Task: After locating the line that holds "Get The Perfect", repeat it and each following line exactly until the material ends, skipping pictures.

Supplied material:
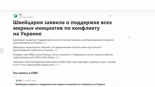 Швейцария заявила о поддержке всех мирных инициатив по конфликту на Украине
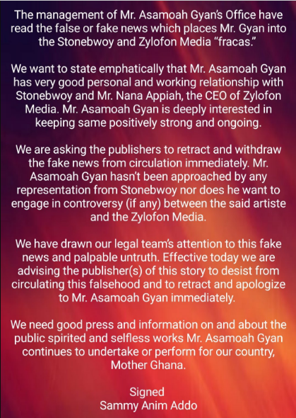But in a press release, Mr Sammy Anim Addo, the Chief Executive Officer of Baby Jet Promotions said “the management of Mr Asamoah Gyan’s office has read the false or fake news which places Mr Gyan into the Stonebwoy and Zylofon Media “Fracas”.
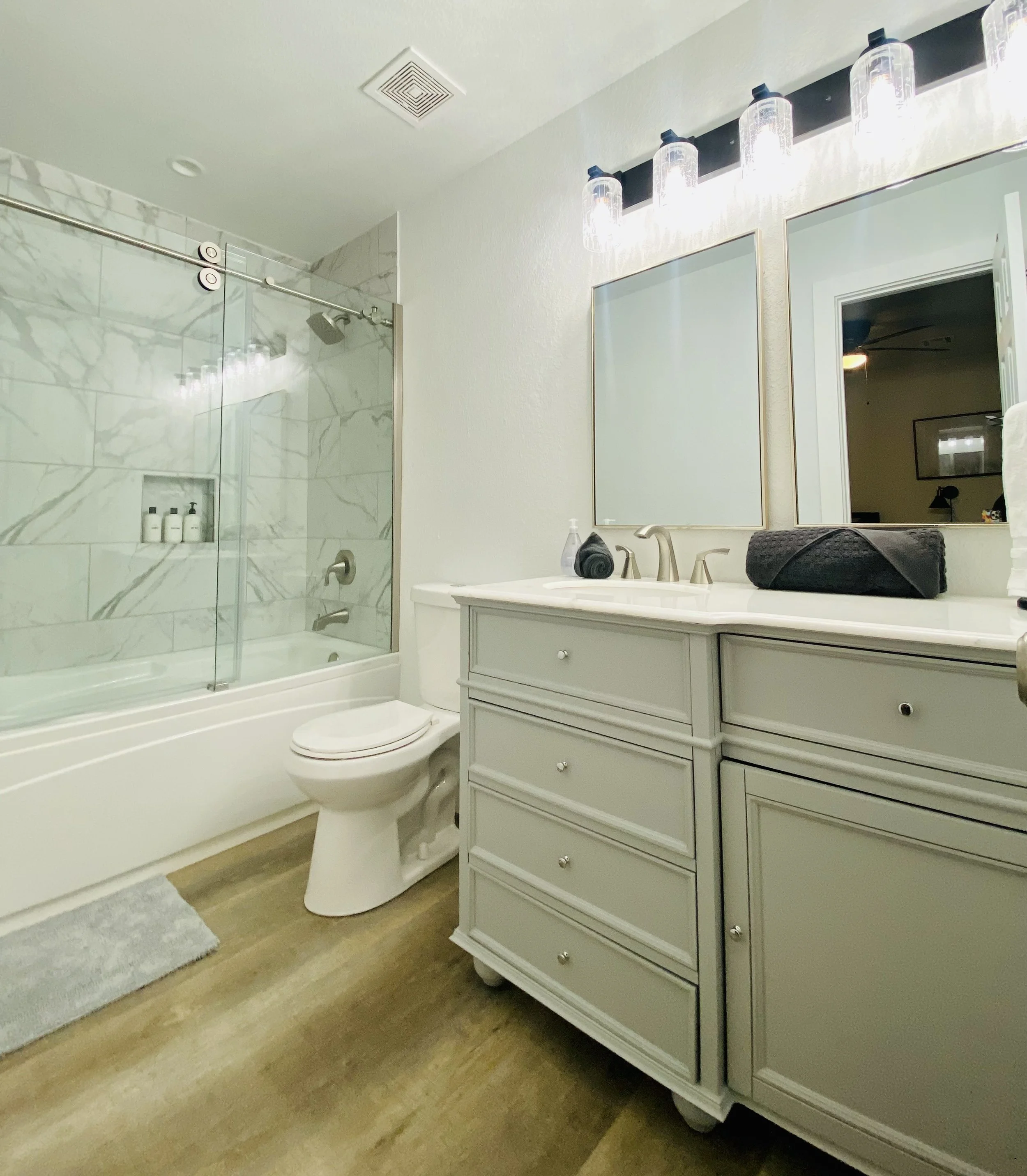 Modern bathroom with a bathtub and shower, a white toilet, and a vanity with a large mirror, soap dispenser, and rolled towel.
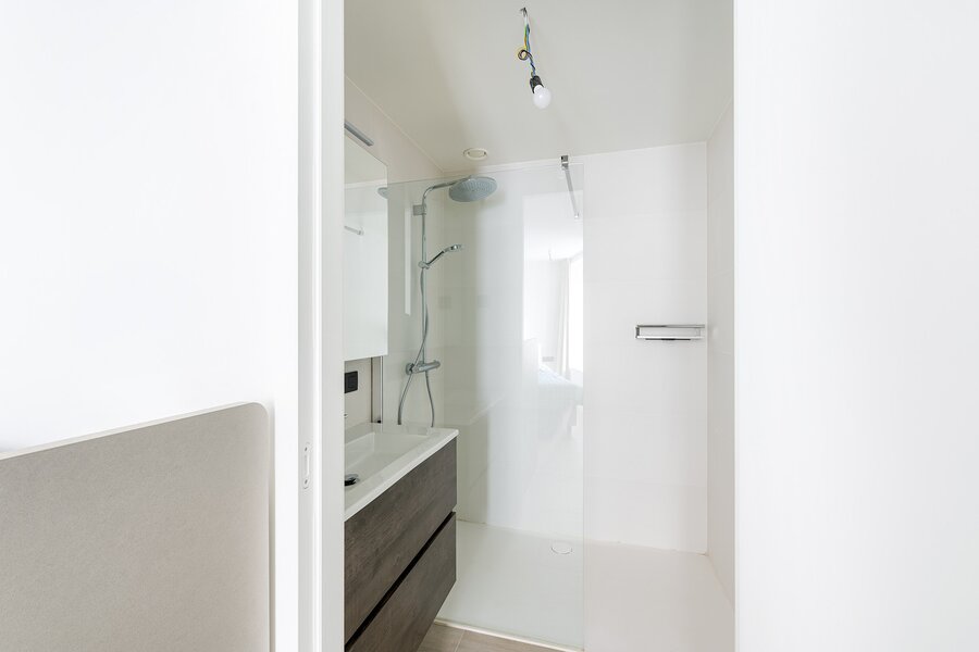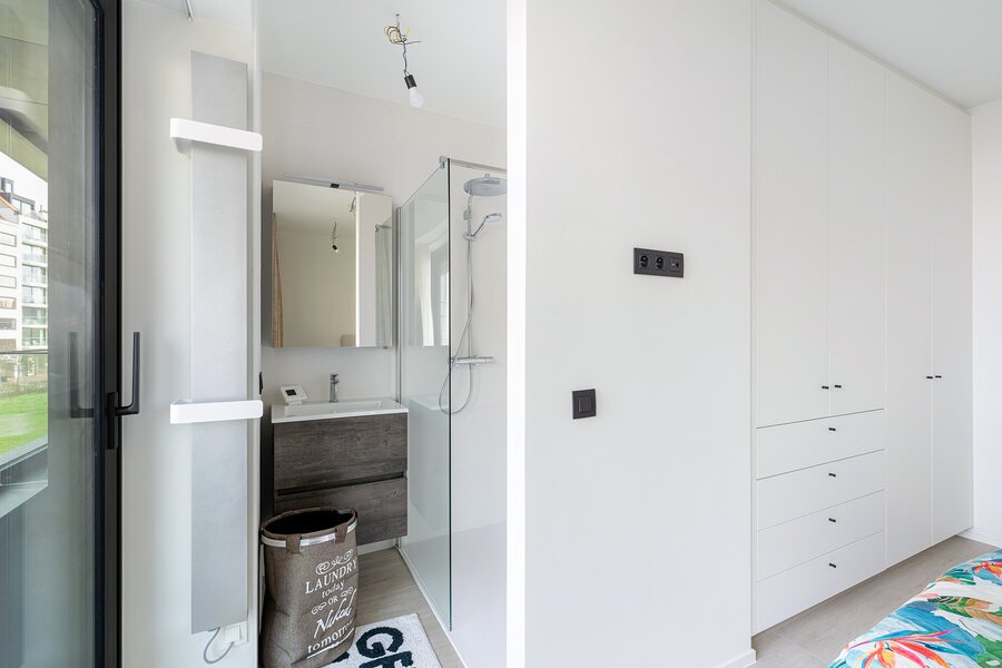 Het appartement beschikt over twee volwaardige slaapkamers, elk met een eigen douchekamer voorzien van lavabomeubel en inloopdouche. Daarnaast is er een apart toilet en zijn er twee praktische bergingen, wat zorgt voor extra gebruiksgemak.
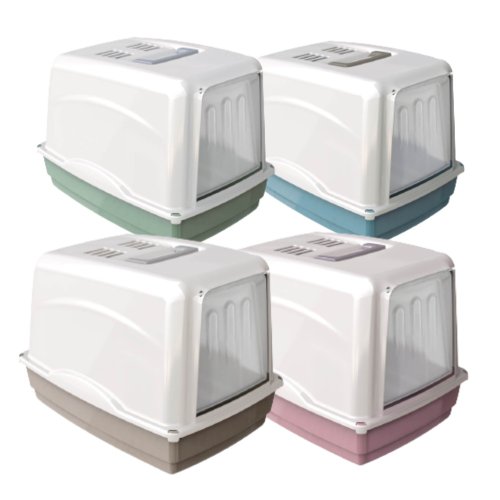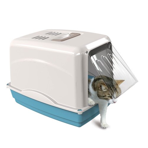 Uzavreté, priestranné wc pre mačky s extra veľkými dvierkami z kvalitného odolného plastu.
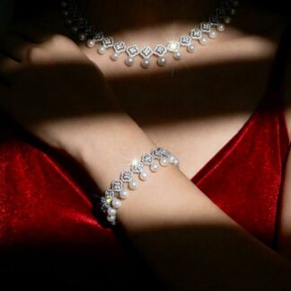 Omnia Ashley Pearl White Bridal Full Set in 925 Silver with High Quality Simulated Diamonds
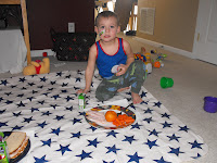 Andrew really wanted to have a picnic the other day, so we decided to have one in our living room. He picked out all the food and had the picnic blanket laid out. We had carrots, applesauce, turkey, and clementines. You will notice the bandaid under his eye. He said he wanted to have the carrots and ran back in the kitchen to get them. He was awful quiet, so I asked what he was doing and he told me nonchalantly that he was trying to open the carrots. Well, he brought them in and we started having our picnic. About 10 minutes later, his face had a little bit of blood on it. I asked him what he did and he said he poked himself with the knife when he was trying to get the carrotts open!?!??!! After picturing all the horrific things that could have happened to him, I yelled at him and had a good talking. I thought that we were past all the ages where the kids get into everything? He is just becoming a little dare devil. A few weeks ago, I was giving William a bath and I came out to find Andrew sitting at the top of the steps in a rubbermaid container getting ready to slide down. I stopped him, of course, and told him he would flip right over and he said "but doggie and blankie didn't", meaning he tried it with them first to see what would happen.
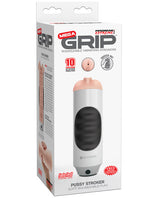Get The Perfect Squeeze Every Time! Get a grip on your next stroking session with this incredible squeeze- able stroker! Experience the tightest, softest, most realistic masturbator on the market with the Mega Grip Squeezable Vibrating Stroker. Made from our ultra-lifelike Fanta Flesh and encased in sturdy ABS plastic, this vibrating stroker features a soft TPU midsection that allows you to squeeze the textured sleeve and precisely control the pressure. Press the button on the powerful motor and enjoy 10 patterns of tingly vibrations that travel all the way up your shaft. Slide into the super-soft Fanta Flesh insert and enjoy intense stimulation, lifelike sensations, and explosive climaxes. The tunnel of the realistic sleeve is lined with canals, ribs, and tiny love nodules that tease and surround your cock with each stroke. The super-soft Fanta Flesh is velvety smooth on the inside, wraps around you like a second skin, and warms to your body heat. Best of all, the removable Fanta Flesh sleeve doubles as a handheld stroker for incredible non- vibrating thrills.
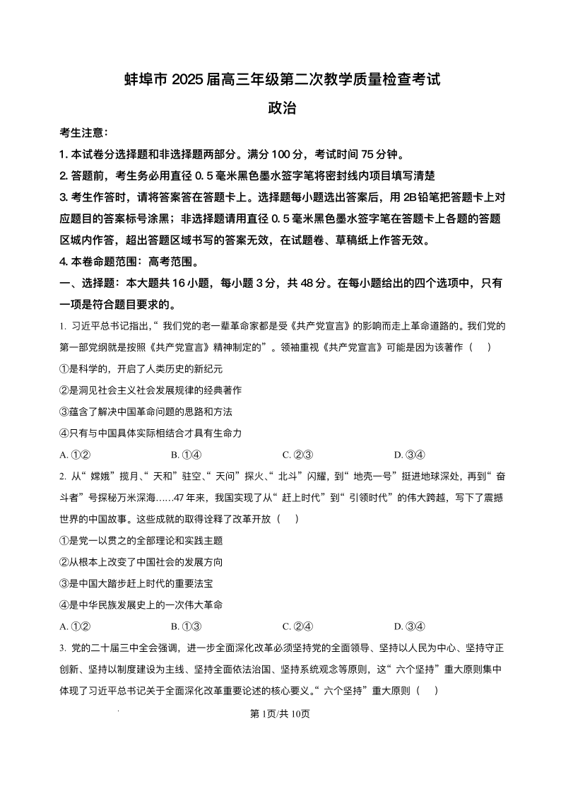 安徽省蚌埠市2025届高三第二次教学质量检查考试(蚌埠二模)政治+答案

Completed task:
Get The Perfect Squeeze Every Time! Get a grip on your next stroking session with this incredible squeeze- able stroker! Experience the tightest, softest, most realistic masturbator on the market with the Mega Grip Squeezable Vibrating Stroker. Made from our ultra-lifelike Fanta Flesh and encased in sturdy ABS plastic, this vibrating stroker features a soft TPU midsection that allows you to squeeze the textured sleeve and precisely control the pressure. Press the button on the powerful motor and enjoy 10 patterns of tingly vibrations that travel all the way up your shaft. Slide into the super-soft Fanta Flesh insert and enjoy intense stimulation, lifelike sensations, and explosive climaxes. The tunnel of the realistic sleeve is lined with canals, ribs, and tiny love nodules that tease and surround your cock with each stroke. The super-soft Fanta Flesh is velvety smooth on the inside, wraps around you like a second skin, and warms to your body heat. Best of all, the removable Fanta Flesh sleeve doubles as a handheld stroker for incredible non- vibrating thrills.
 安徽省蚌埠市2025届高三第二次教学质量检查考试(蚌埠二模)政治+答案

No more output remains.